Step #2. Discover sensitive data. Once the policy is established, it’s time to decide whether you need data discovery. If you choose to classify only new data, some business-critical or sensitive data that you already have might be left insufficiently protected. If that risk is unacceptable, you need to invest money, time and effort to run data discovery and apply your classification policies to your existing data.
You can automate the data discovery using applications designed to identify systems and resources, such as databases or file shares, that might contain sensitive information. Some tools even report both the volume and potential category of the data.
Step #3. Apply labels. As an optional step, you can give each sensitive data asset a label in order to improve data classification policy enforcement. Labeling can be automated in accordance with your data classification scheme or done manually by data owners.
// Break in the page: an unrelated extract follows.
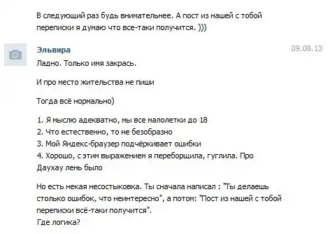 Думал уже ничего интересного не будет... попращались и на том конце успокоятся... Даже расстроился немного, что так и не выхватил лулзов. Но! На следующее утро "она" опять пишет. Продолжаем общение... Тут я решил стать немного поагрессивнее и подкинуть пищи для разводил. )))

Step #4. Use the results to improve security and compliance. Once you know what sensitive data you have and its storage locations, you can review your security policies and procedures to assess whether all data is protected by risk-appropriate measures. By categorizing all your sensitive data, you can prioritize your efforts, control costs and improve data management processes.
Step #5. Repeat. Data is dynamic: Files are created, copied, moved and deleted every day. Therefore, data classification should be an ongoing process in the organization. Proper administration of the data classification process will help ensure that all sensitive data is protected.
Examples of data classification categories
There is no one “right” way to design your data classification model and define your data categories. For instance, U.S. government agencies often define three types of data: Public, Secret and Top Secret. NATO used a five-level scheme for the Manhattan Project. One option is to begin with a simple three-level type of data classification:
- Public data — May be freely disclosed with public (e.g., customer service contacts)
- Internal data — Has low security requirements but is not meant for public disclosure (e.g., organizational charts)
- Restricted data — Highly sensitive internal data whose disclosure could negatively affect operations and put the organization at financial or legal risk (e.g., customer, patient, and employee personal information; authentication data such as logins and passwords).
Your organization can use these three categories to define an initial data classification model and later on add more granular levels based on data content (PII, PHI, etc.), relevance to compliance standards or business specifics, and other criteria.
As you can see, data classification is not a magic wand that secures data or ensures compliance with regulatory requirements by itself. Rather, it helps organizations improve their security posture by focusing their attention, workforce and financial resources on the data most critical to the business. Once you have prioritized your risks, you better understand how to ensure appropriate data protection and ongoing compliance with security policies and regulations.